Scenario 2: Language Server
Grammar: Full programming language
Recommendation: LL(k), LR, or PEG
Reasoning:
- Need incremental parsing (all support it)
- LL(k) is simpler for error messages
- LR has better error recovery
- PEG has memoization for fast parsing
- Choose based on grammar characteristics
Scenario 3: C++ Parser
Grammar: C++ with template syntax ambiguities
Recommendation: GLR
Reasoning:
- Grammar has inherent ambiguities
- Need to handle multiple parse trees
- Can disambiguate using precedence/associativity
Scenario 4: Batch Parser
Grammar: Any unambiguous grammar
Recommendation: LR
Reasoning:
- Efficient for batch processing
- Good error recovery
- Handles left recursion naturally
Performance Considerations
LL(k)
- Fast: O(n) parsing time
- Small tables: Efficient memory usage
- Good for: Interactive tools, small to medium files
LR
- Fast: O(n) parsing time
- Medium tables: Reasonable memory usage
- Good for: Batch processing, large files
GLR
- Variable: O(n) to O(n³) depending on ambiguity
- Medium to large tables: More memory for forests
- Good for: Ambiguous grammars, complex languages
PEG
- With memoization: O(n) parsing time, O(n) space
- Without memoization: O(n) to exponential time, O(1) space
- Medium memory: Cache size depends on grammar
- Good for: Precedence-based languages, interactive tools
Grammar Compatibility
LL(k) Compatible
- No left recursion (or can be eliminated)
- No ambiguity (or k > 1)
- Can compute FIRST/FOLLOW sets
LR Compatible
- No ambiguity
- No shift/reduce conflicts
- No reduce/reduce conflicts
GLR Compatible
- Any grammar
- Handles all conflicts
- Handles all ambiguities
PEG Compatible
- Most grammars: Very flexible
- Left recursion: Detected and handled (may require restructuring)
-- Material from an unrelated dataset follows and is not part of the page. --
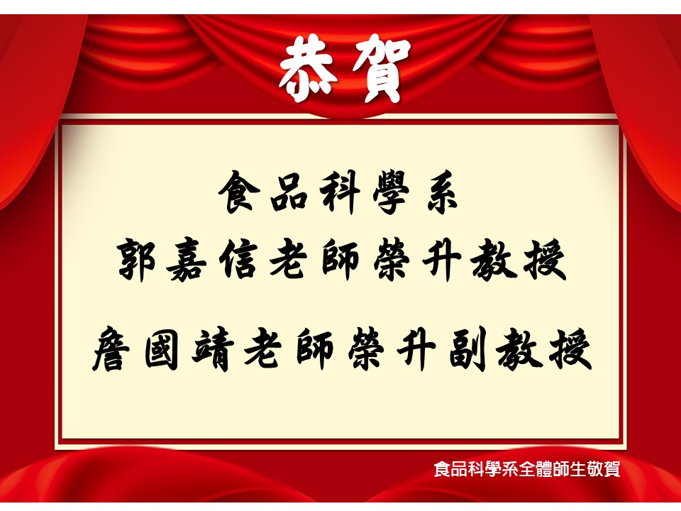 恭賀~~食品科學系郭嘉信老師榮升教授、詹國靖老師榮升副教授

- Ordered choice: Resolves ambiguity automatically
- Best for: Precedence-based expressions, structured data, interactive tools
Writing PEG Grammars:
- Order alternatives from most specific to least specific
- Lower precedence operators should be tried first
- Use repetition for lists and sequences
- Consider memoization for performance
Example - Precedence:
// Correct: Lower precedence first
Expr -> Expr + Term | Term // + tried first
Term -> Term * Factor | Factor // * tried later (higher precedence)
// This naturally gives * higher precedence than +
Migration Path
From LL to LR
If you need better error recovery or left recursion:
- Update grammar (if needed)
- Change parser type
- Update configuration
- Test thoroughly
From LR to GLR
If you encounter ambiguities:
- Keep same grammar
- Change parser type
- Add disambiguation logic
- Handle parse forests
From LL/LR to PEG
If you want ordered choice semantics or memoization:
- Reorder alternatives: Most specific first, least specific last
- Adjust precedence: Lower precedence operators tried first
- Enable memoization: Set
enable_memoization: truefor performance - Handle left recursion: Restructure if needed (PEG detects it)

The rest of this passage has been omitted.